The register of baptisms and marriages dates from the year 1627, and of burials from 1628.

The living is a vicarage, net yearly value £327, including 54 acres of glebe, with residence, in the gift of the Duke of Devonshire K.C., P.C., G.C.M.G., G.C.V.O., T D. and held since 1910 by the Rev. John Hoult Brooksbank B.A. of Oxford University, rural dean of Eyam and surrogate.

The Roman Catholic church here, dedicated to St. Michael, was rebuilt in 1806, and seats 150 persons; on the south side is a circular stained window.

The Wesleyan chapel, a building of stone, was erected in 1802 and enlarged in 1872, at a cost of £1,000. All the windows are stained, and there are 400 sittings.

The Wesleyan Sunday School and Institute, a building of stone, was erected in 1908, at a cost of about £2,000.

A Memorial Hall was built in 1928, seating 300.

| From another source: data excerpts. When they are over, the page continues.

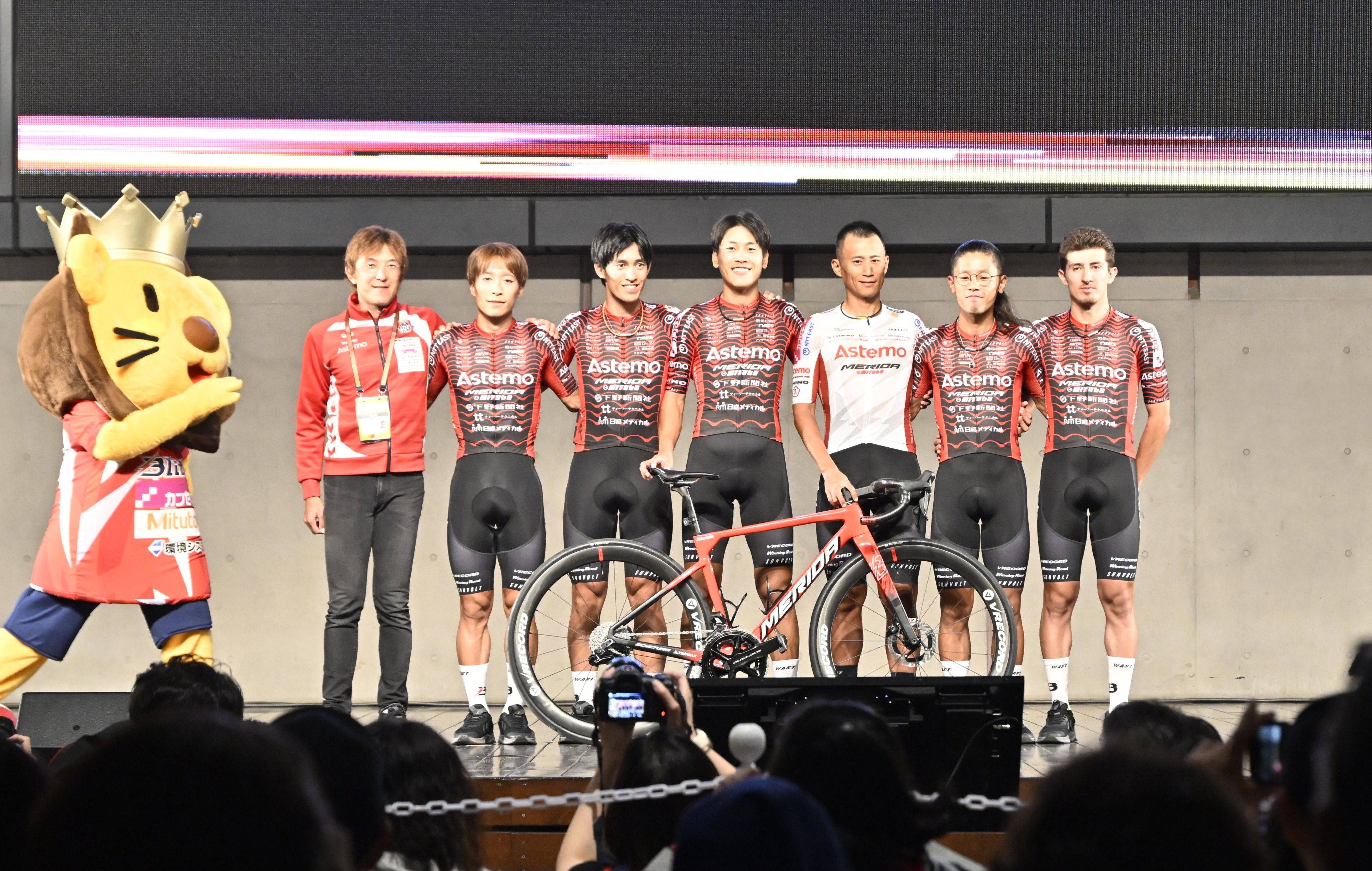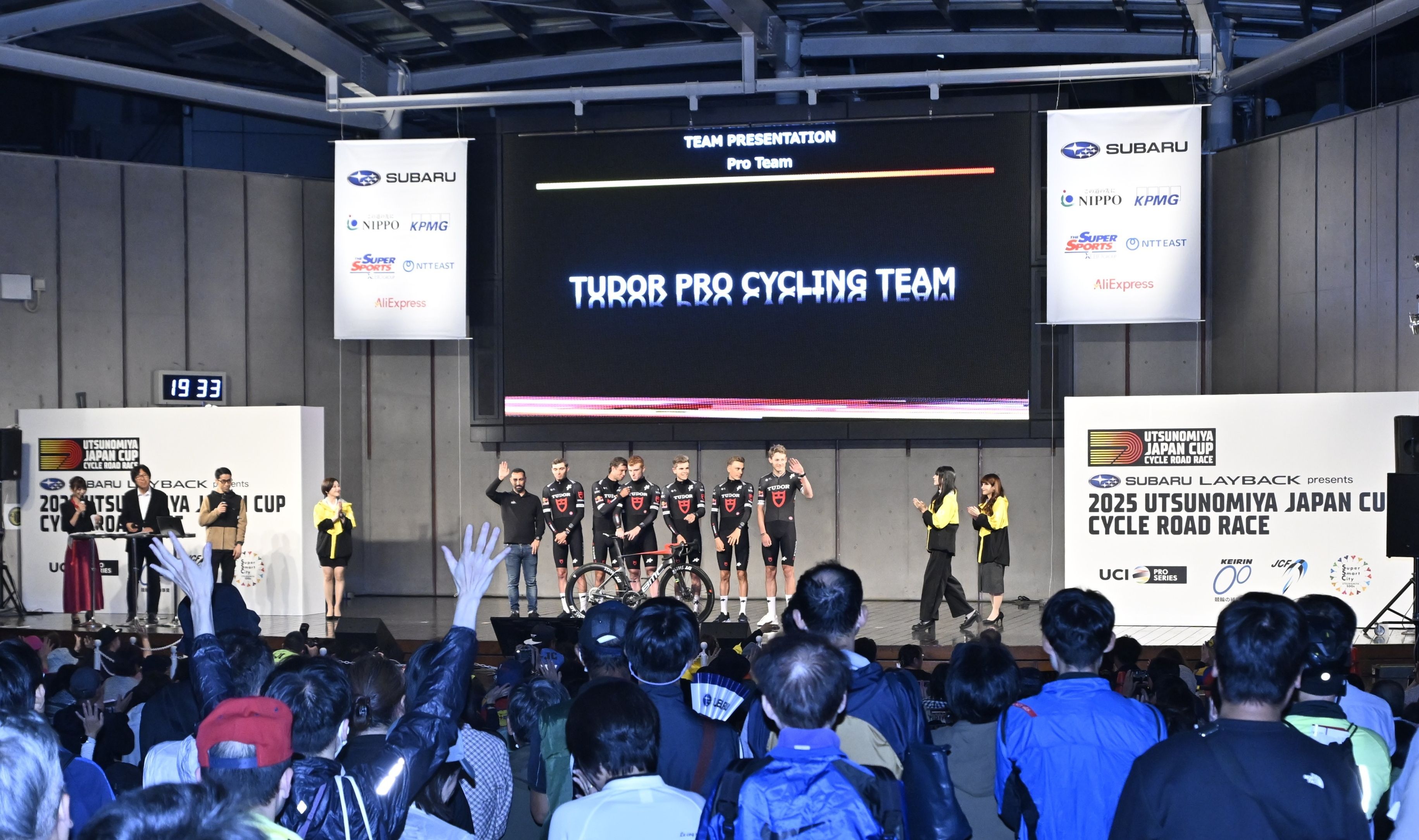 チームプレゼンテーションで歓声を浴びるブリッツェンの選手たち=17日夜、宇都宮市江野町
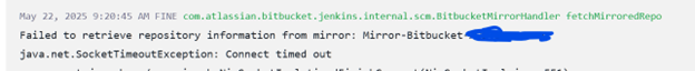 3. Jenkins logs clearly show that only one mirror is unreachable. Other mirrors are reachable, but do not contain our repo, still not ok, as we have a very similar error message, e.g. "Failed to retrieve ...."
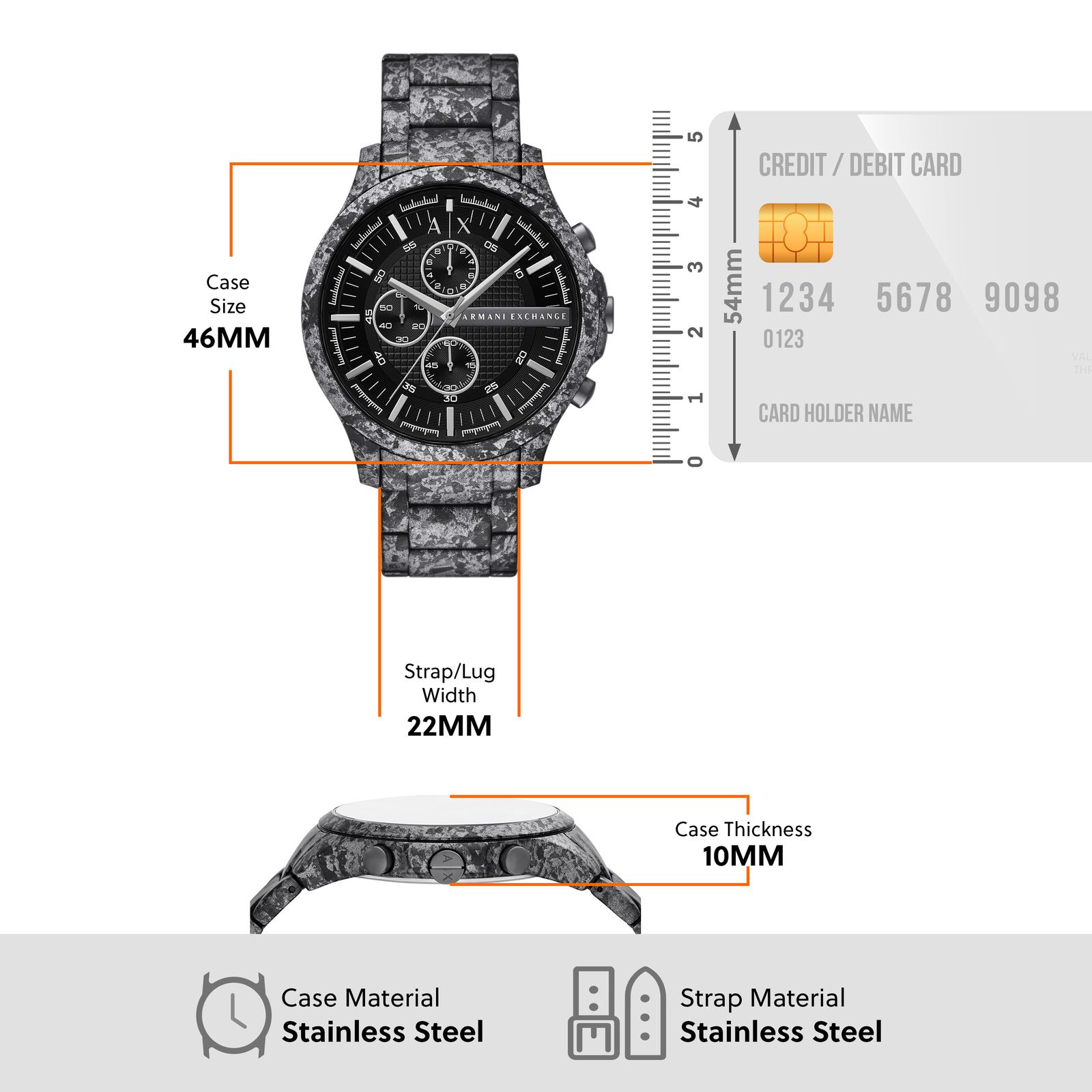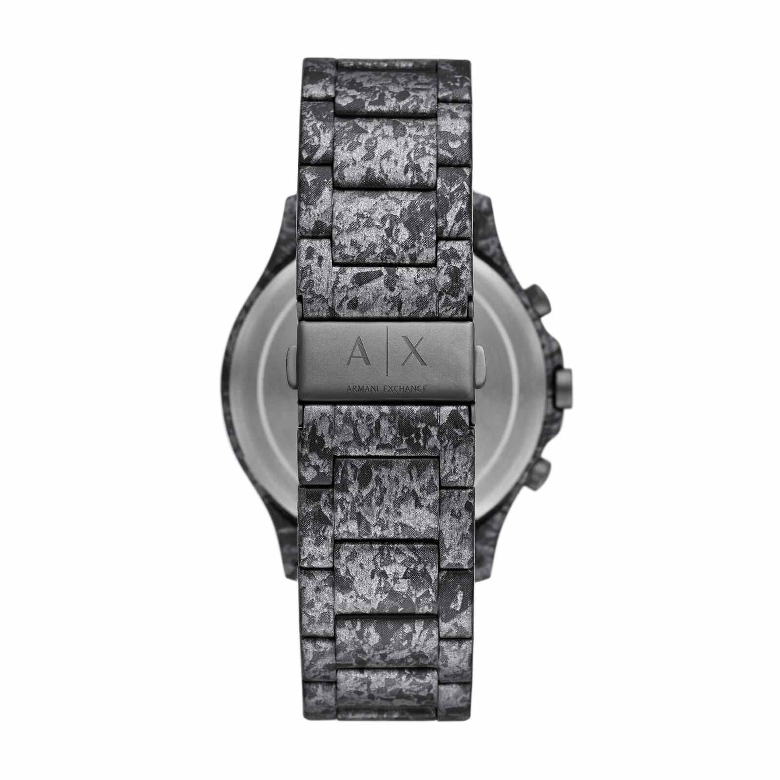 Armani Exchange's 46mm watch features a gray matte dial, chronograph movement and heathered gunmetal stainless steel bracelet.
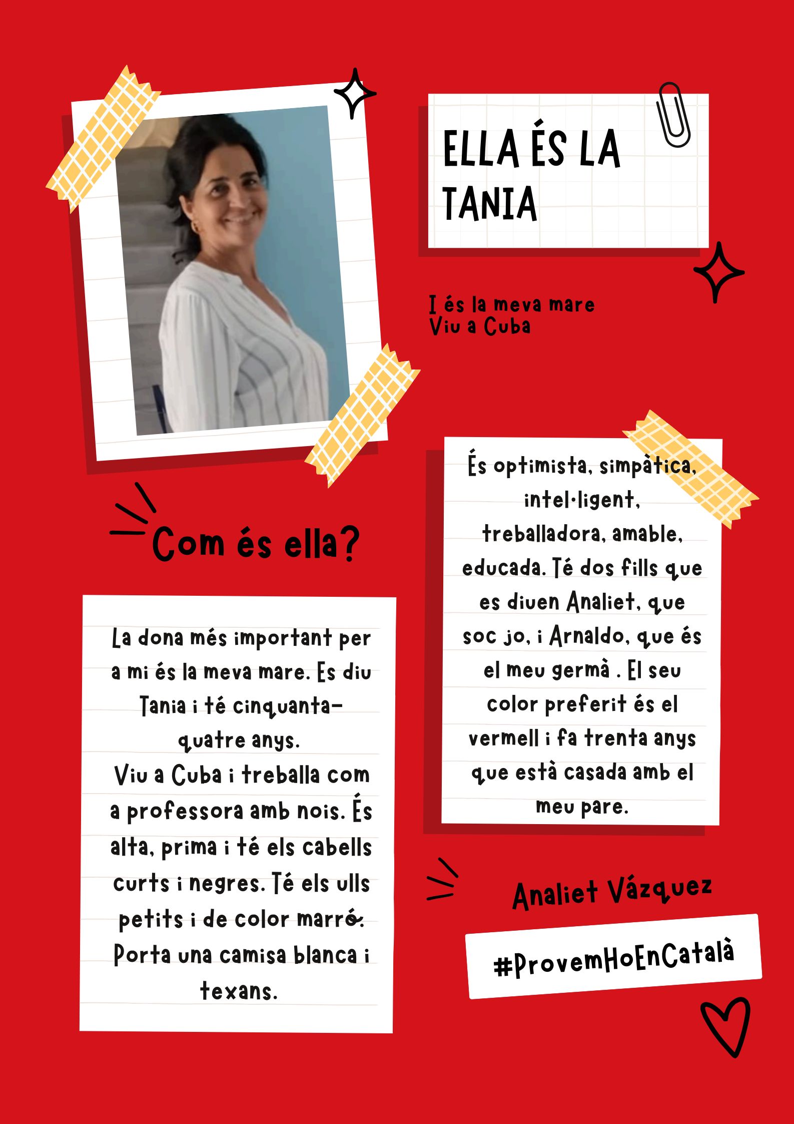 Amb els continguts de les primeres lliçons els alumnes aprenen a descriure’s a si mateixos i a la seva família. L’objectiu d’aquesta activitat és demostrar als alumnes del nivell Bàsic 1 que són capaços d’aplicar els coneixements que estan adquirint a classe amb un producte real: una exposició!
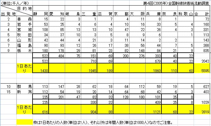 例の発言をした議員だったので(そのときはスルーしたのだけれど)「またこいつか」と思って取るに足らないみたいなことを書いてしまった。 東北新幹線と東海道新幹線のホームがこうなった経緯については国鉄時代のことから知っているし、元々、新幹線は速達型/各停型という運転系統で、仮に直通するなら速達型で青森→仙台→大宮→東京→新横浜→名古屋→京都→新大阪、のような形になる、と考えている(根拠はない)。だから、例えば福島→静岡、みたいな動き方をするには、仮に直通しても福島(やまびこ)東京(こだま)静岡、と乗り換える必要が出てくるので、直通するメリットを享受するには仙台→名古屋/新大阪、のような需要になるんじゃないか。その距離なら飛行機じゃないか、と考えていた。 だけれども、ちょっと数字が気になったので見てみた。閲覧したのは国交省が公開している「第4回全国幹線旅客純流動データの利用案内」である。2005年のもので、データの見方にはいろいろな注意点があるが、「①都道府県間流動表/出発地から目的地/交通機関別流動表/年間(平日・休日データ利用)」(H17_OD_2.xls)というものを使った。このデータは、かつて仕事でよく見ていたもので、各自治体が発表している数値と見比べたり、相対的な数値からいろいろ判断したりしていた。かなり重宝した数字である。 * * *
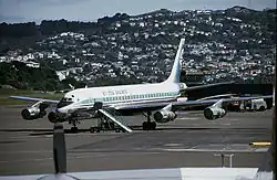 Air New Zealand Douglas DC-8 at Wellington Airport in 1980
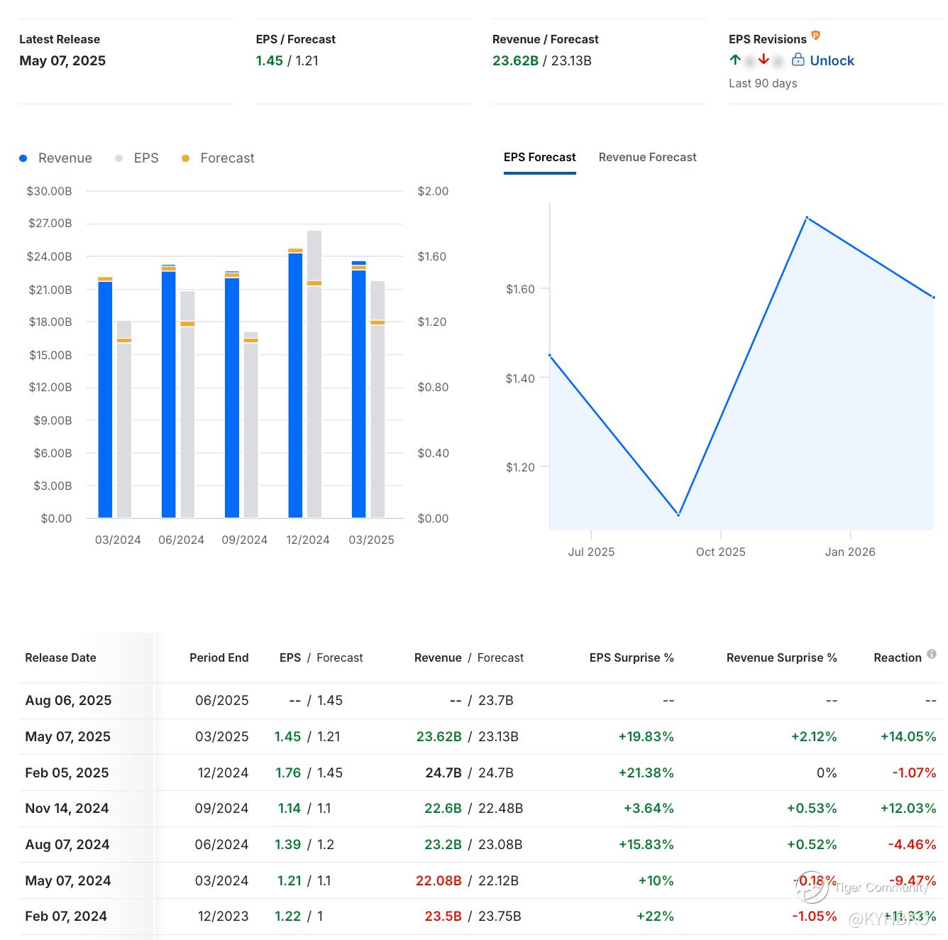 The market expects an EPS of $1.45 and revenue of $23.7B for the coming earnings.
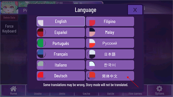 1、进入游戏后,在主界面点击右下角【爱心图标】,可以设置【简体中文】

The charities include £14 from Joan Morton's (Aston) charity, the Sylvester and Aston dole of £3 3s. distributed to the poor on St. Thomas' day, Eyre's charity of about £5 for the poor, Wright's legacy of about £5 to the Public Elementary schools, Ashton's benefaction of £5 for the schoolmaster, Gisborne's charity of about £7 for clothing and a benefaction of £3 to the vicar for preaching a charity sermon on St. Thomas' day.

The Hathersage Association for the Prosecution of Felons was formed in 1784 by Henry Ibbotson Carr Head, George Morton and Richard Oliver, yeomen, of Hathersage.

There are quarries here, and millstones are made.

Near to the town, some distance north of the church, earthwork named "Camp Green" supposed to be of Danish origin; and on Hathersage Moor are several rock basins and other formations, attributed to the Celts, as well as a rude sort of fortress on the summit of the hill called "The Carl's Work".

A sheep dog trial is held annually on the first Thursday in September at Longshaw Lodge.

The fair is on the first Friday after the nearest Sunday to Old Michaelmas Day.

Longshaw Lodge, 8 miles north-east, is a handsome stone mansion, surrounded by park-like grounds and moor land.

Brookfield Manor, an ancient stone mansion, beautifully situated and surrounded by a fine park, is the residence of Thomas Carter esq.

The Nether Hall, a mansion of stone, situated on the hanks of the Derwent, is the property of Maj. Ashton A. Shuttleworth T.D., J.P. and the residence of Walter Shirley Davy esq.

The Duke of Devonshire K.G., P.C., G.C.M.G., G.C.V.O., T.D. (lord lieut.) is lord of the manor. The principal landowners are the Duke of Devonshire K.G., P.C. Maj. Ashton Shuttleworth T.D., J.P. and the Sheffield Corporation.

The soil is various; subsoil, gritstone. The area of Hathersage township is 3,399 acres of land and 20 of water; the population of the township in 1921 was 1,694, and of the ecclesiastical parish, 2,011.

Post, M.O., T. & T.E.D. Office. Letters through Sheffield.

OUTSEATS is a township in the parish of Hathersage. The area is 4,308 acres of land and 7 of water; the population in 1921 was 326.